I was with my friend Benny Blanco [songwriter of hits like Katy Perry’s “I Kissed A Girl” and Ke$ha’s “TiK ToK”] and he was playing me some songs, and he played me this song that had a lyric like [the one in “Grenade”]… he said, this band is not signed, this is a CD that wasn’t released. I said to Benny, I can relate to that so much, I want to take that and make it my own. He was in contact with the dude, and I started writing my version, basically. It’s a heartbreaking, heartbreak song, and I think everyone can relate to that. You’re so in love with this woman and you don’t understand, “ What am I doing wrong? What am I not giving to you? I’ll go as far as putting as putting a bullet in my brain for you, and why can’t I get that kind of love in return?”
“Grenade” (Live at the Bowery Ballroom)
Do you know if “Grenade” will be a single?
I hope so. That’s one of my favorite songs on the album, my personal favorite.
Between Cee-Lo’s “Fuck You” and Travie’s “Billionaire” (the album version of the song has you singing “I wanna be a billionaire so fucking bad”), you’re obviously not afraid of a few F-bombs. Should more pop artists be unafraid to throw around expletives in their songs?
You know what? I try not to use it [too often] because it could get corny. You’re just trying to raise the bar. It’s really just raw emotion and I want people to feel the emotion. I know I said it when I was performing in New York in the “Grenade” song, but that’s not even on the record – that was in the moment. The Cee-Lo song, it was just like, let’s be real. When you’re in love with a girl and you see her with another guy, what do you really wanna say? That’s the thing – we just gotta keep it real and not worry about the radio. Just worry about what we’re trying to say.
Was anyone involved in the production of these tracks on the fence about the racy language?

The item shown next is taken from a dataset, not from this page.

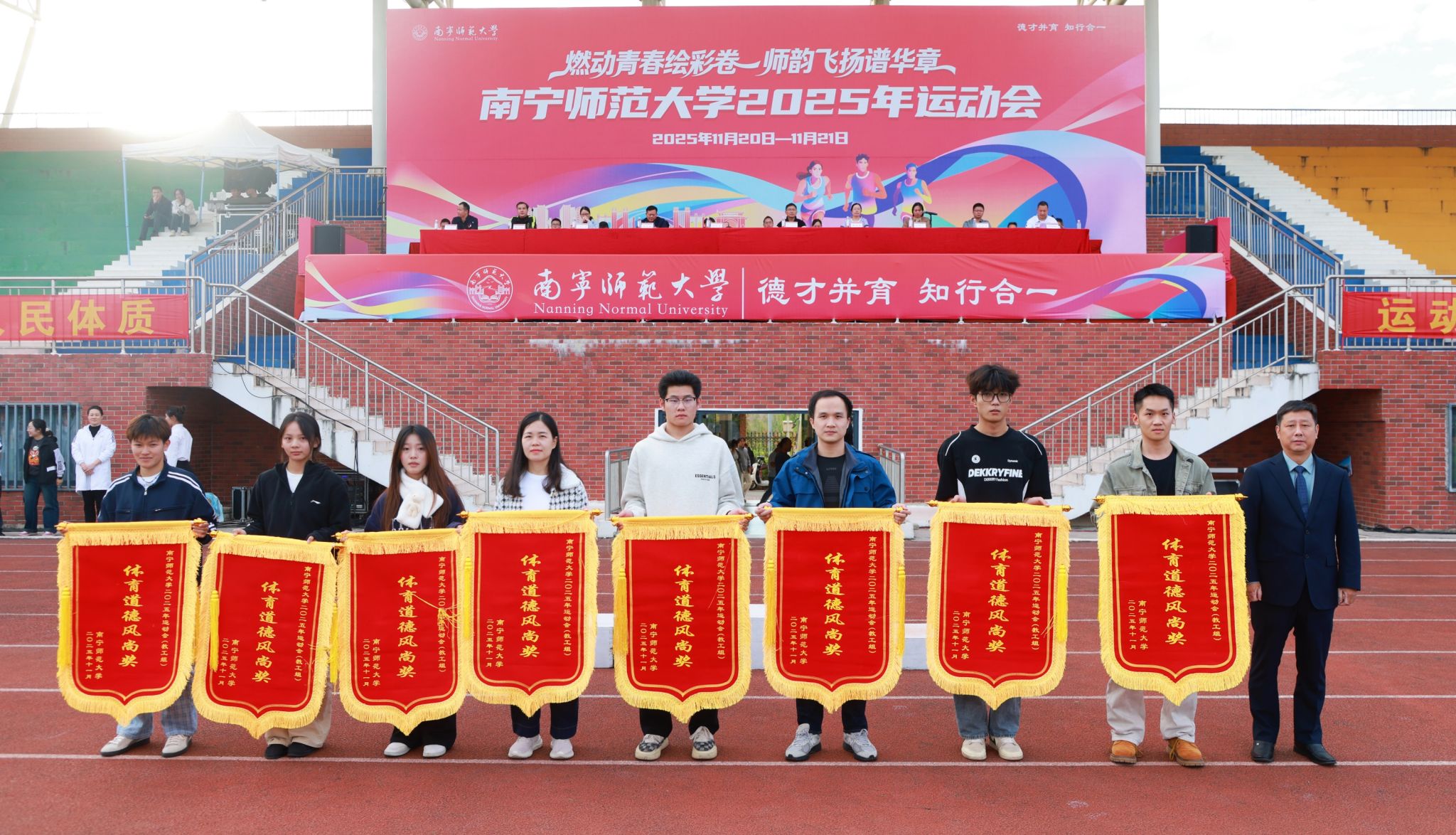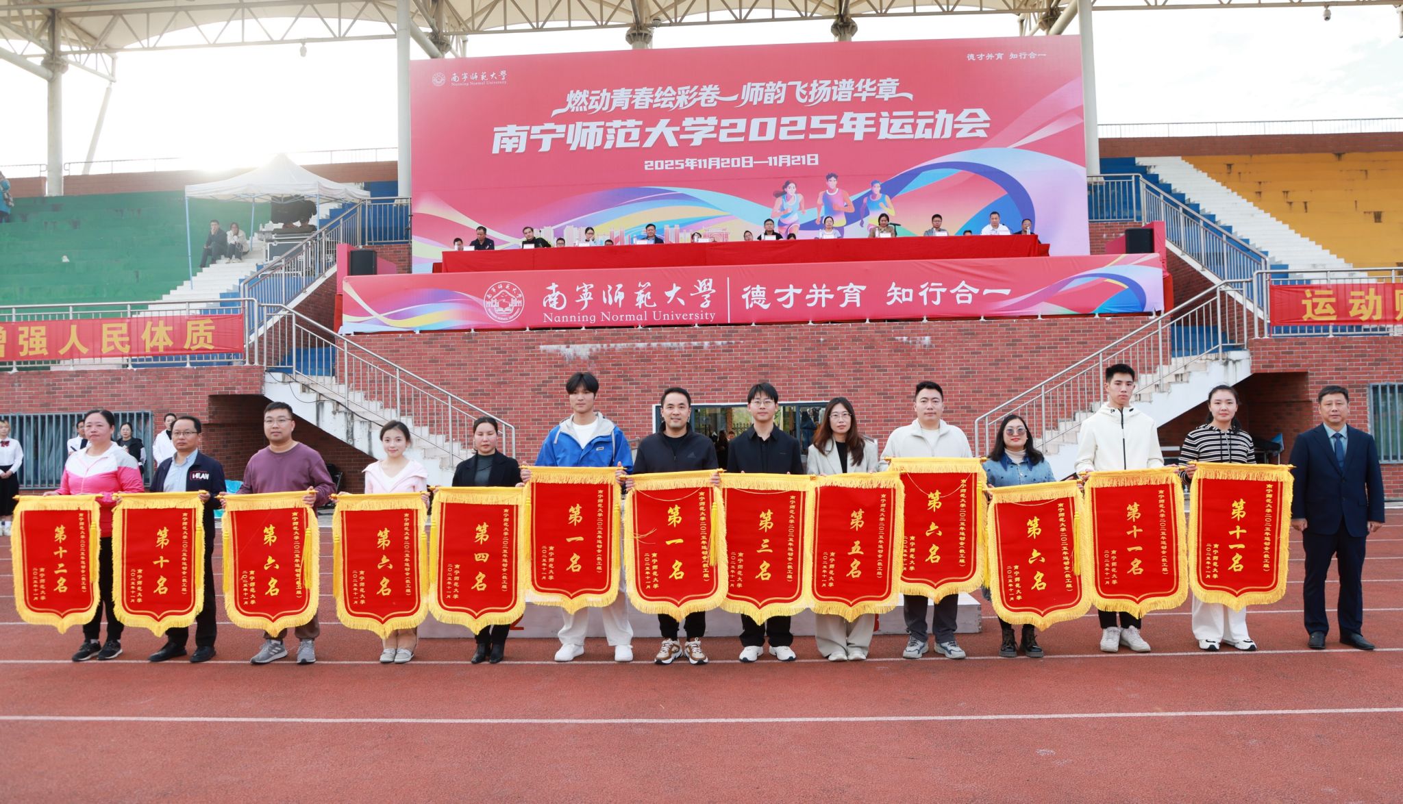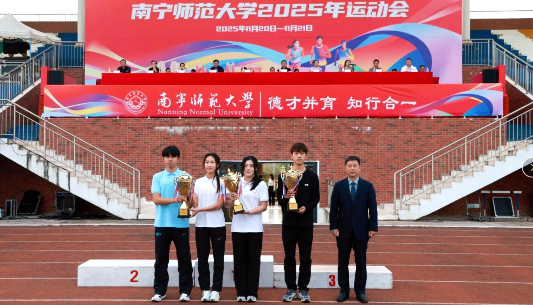 教职工趣味运动会中,学生工作部(处)、团委、工会、国内合作处、师园学院联合分工会与附属实验华体会平台分工会并列第一名,地理科学与规划学院分工会获第三名,16个分工会获“体育道德风尚奖”。学生组甲组比赛中,数学与统计学院、研究生学院、地理科学与规划学院获甲组男女生团体总分前三名,数学与统计学院、研究生学院、环境与生命科学学院获甲组男子团体总分前三名,数学与统计学院、研究生学院、马克思主义学院获甲组女子团体总分前三名。学生组乙组比赛中,体育与健康学院2025级包揽乙组男女团体和乙组男子总分第一名,2024级获乙组女子总分第一名。此外,23个学生组参赛单位获“体育道德风尚奖”,体育与健康学院荣获“特殊贡献奖”。

No. It just has to feel good to us. We have to feel good about it — we’ll worry about the politics of radio and the other stuff later. Our job is to make music, that’s what people signed us for, and that’s what they’re gonna get. Whether we put an F-bomb in there or say something too racy for radio, we’ll figure it out later. If that’s what feels right and natural, that’s what it’s gonna be.

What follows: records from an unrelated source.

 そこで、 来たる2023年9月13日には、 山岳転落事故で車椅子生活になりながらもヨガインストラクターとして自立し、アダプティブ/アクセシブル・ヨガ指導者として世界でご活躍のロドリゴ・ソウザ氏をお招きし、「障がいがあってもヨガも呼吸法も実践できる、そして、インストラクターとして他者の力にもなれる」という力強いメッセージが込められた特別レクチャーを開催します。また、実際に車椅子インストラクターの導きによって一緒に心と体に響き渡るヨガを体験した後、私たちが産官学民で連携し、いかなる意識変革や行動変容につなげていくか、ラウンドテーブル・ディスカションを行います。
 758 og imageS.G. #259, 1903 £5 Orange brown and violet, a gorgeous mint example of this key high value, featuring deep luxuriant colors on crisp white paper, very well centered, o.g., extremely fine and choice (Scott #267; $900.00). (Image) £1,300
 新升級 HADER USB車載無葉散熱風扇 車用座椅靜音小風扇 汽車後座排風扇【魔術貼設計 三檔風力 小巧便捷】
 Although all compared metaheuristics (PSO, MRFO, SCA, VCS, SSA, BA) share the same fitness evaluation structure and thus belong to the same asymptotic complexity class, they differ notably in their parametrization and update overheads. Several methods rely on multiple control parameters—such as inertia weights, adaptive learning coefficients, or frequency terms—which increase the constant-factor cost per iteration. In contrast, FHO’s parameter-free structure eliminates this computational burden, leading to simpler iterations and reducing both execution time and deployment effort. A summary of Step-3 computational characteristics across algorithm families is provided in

You’re a big fan of Elvis Presley – you even played a Little Elvis impersonator in the 1992 movie Honeymoon in Vegas when you were six-years old! What is it about the King that inspires you?
Just the star that he was, that’s what I dig about Elvis so much. He was just an entity with confidence and swag . I’m a big fan of the young 1950s Elvis when he would just go onstage and control the whole environment. His aura… that goes for Prince and Michael Jackson, James Brown, too — they all have that same “You came to see me, and I’m gonna give you a show”, they all have that factor in their performance.

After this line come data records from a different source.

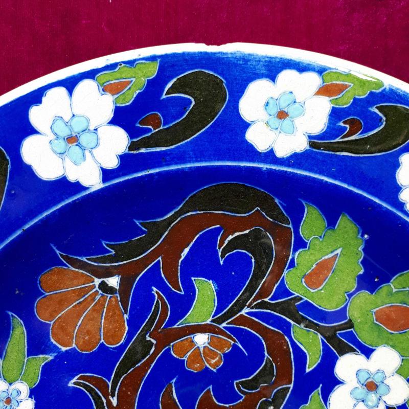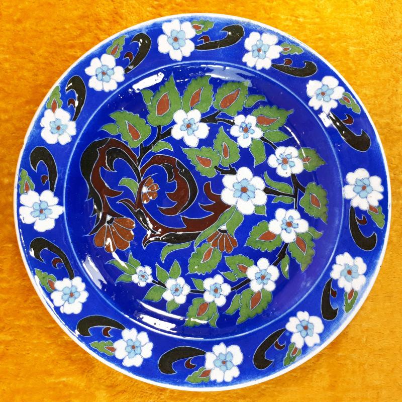 1980 LERDEN . ÇAP 27 cm . MAVİ ZEMİN ÜZERİNE BEYAZ RENKLİ KIR ÇİÇEKLERI , KARANFİLLER VE YAPRAKLAR RESİMLİ . ARKA KENARDA ÖNDEN BELLİ OLMAYAN TAMİRİ MÜMKÜN UFAK BİR ATIK VAR . BAŞKA BİR KUSUR KIRIK ÇATLAK YOK .
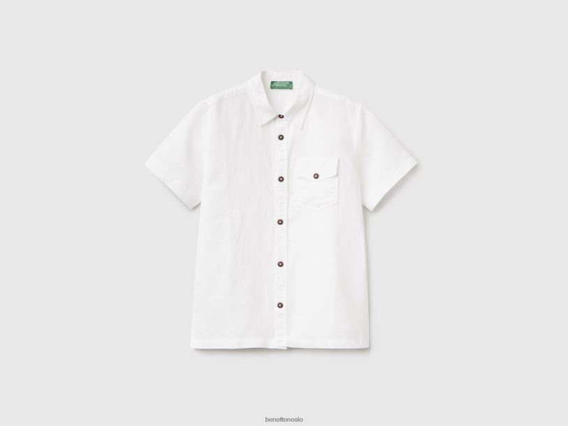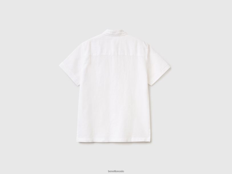 hvit Benetton kvinner kortermet t-skjorte i lett bomull 20TRB327
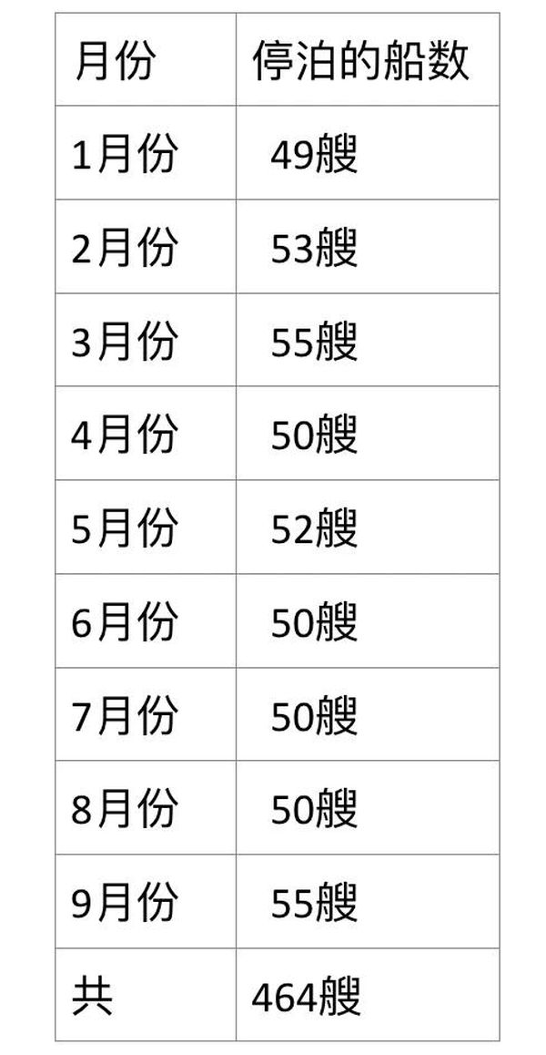 在这9个月期间,每个月进入仰光港口停泊的集装箱船数如下:
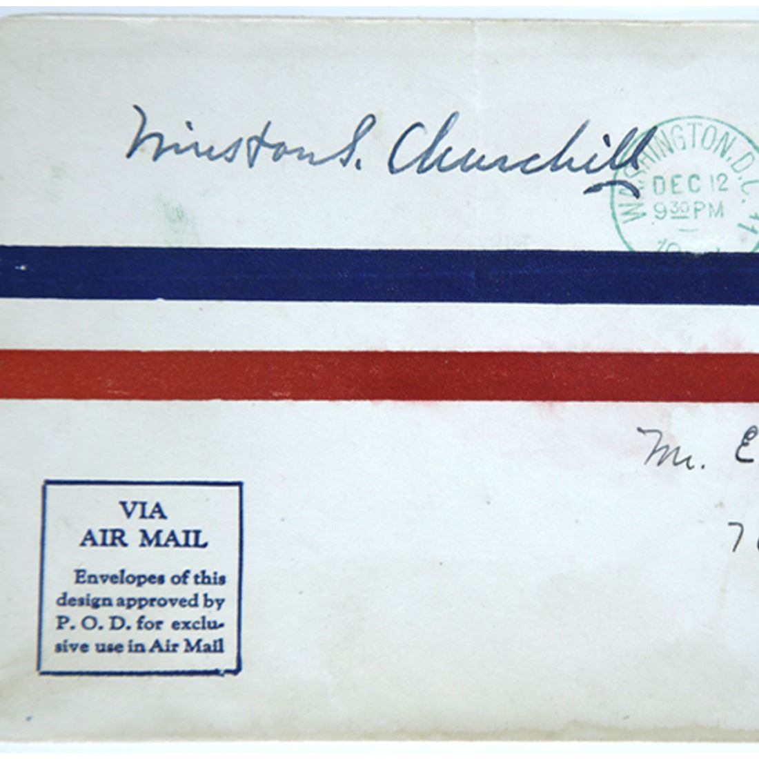 Winston Churchill (November 30, 1874 - January 24, 1965). Winston Churchill signed Postmarked Air Mail Envelope. Signature is signed in black ink. Ink has aged over time. Envelope has a 5 Cent International Civil Aeronautics Conference Stamp. Winston Churchill was an inspirational statesman, writer, orator, and leader who led Britain to victory in the Second World War. He served as Conservative Prime Minister twice - from 1940 to 1945 (before being defeated in the 1945 general election by the Labor leader Clement Attlee) and from 1951 to 1955. Churchill was awarded the Nobel Prize in Literature in 1953 for his many published works. This item has been professionally custom matted and framed. Comes with a Letter of Authentication from Guaranteed Forensic Authenticators, along with the GFA guarantee of authenticity.
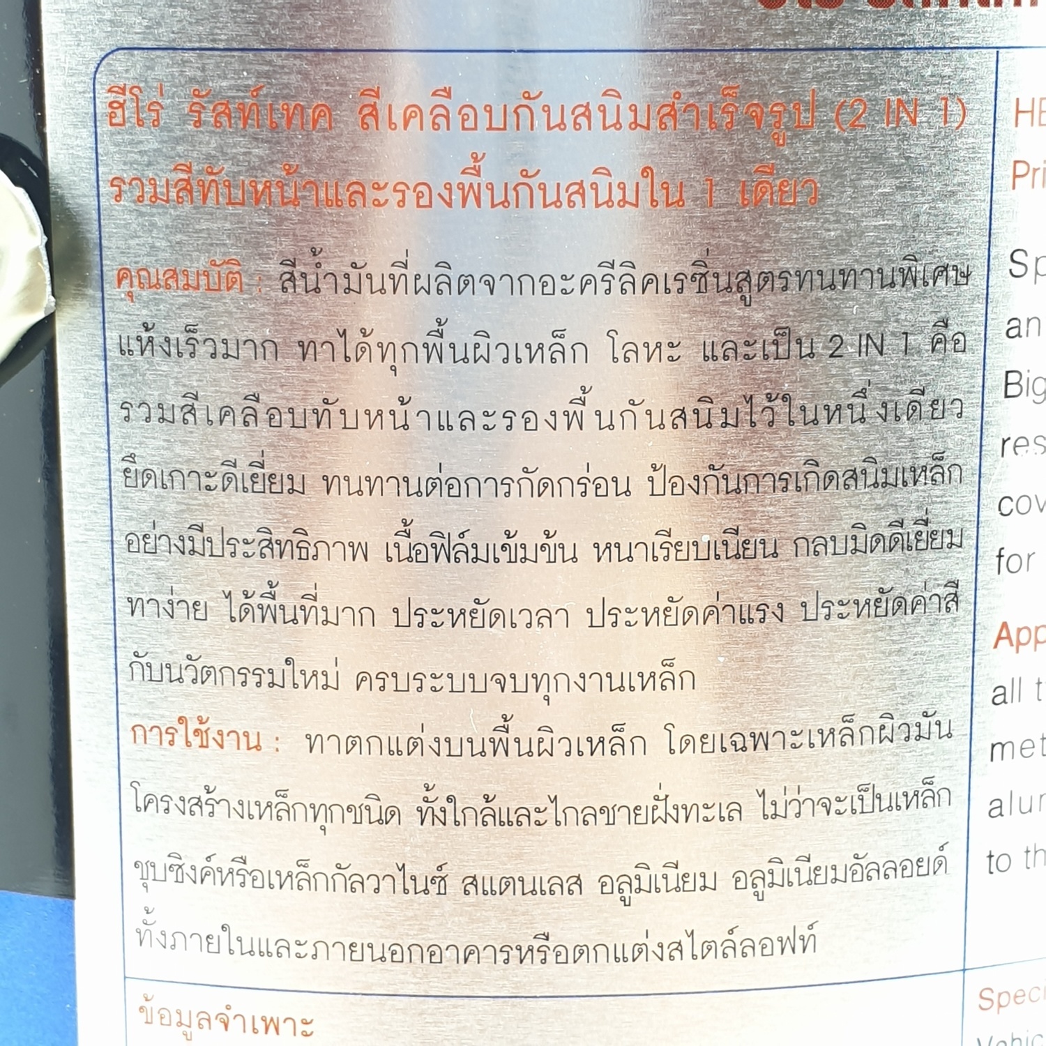 - ทาได้ทุกพื้นผิวเหล็ก โดยเฉพาะโลหะผิวมัน แม้แต่กัลวาไนซ์

Who would you love to write a track for?
I really like Vampire Weekend, I’d love to get in the studio with them. Would love to get in the studio with Jack White… Kanye and Gucci Man and Soulja Boy! That’s what keeps us on our toes and having fun. One day we’ll be in the studio with Cee-Lo, the next day it’s Mike Posner. It’s all over the place.
Who are some of your favorite songwriters?
[Elvis songwriters] Lieber and Stoller, Smokey Robinson, Billy Joel, Elton John, The Beatles, John Legend, McCartney. The classics! I look up to the guys who did it the best! That’s a good question, no one ever asked me that!
Do you have any other producers working on Doo-Wops?
It’s just me! And the Smeezingtons. Everything that’s been on the radio, that’s how it’s been.
You’ve worked with so many artists over the years. What kind of advice have you received from them?
I learned from every single one of them… Cee-Lo proved without trying to teach me that basically you gotta do what you want for you to keep your sanity. You gotta say what you want to say, dress how you want… individuality. You want people to want to know you and know what you’re about and like you because of those things. And the things you’re saying in your lyrics, that has to come from your soul.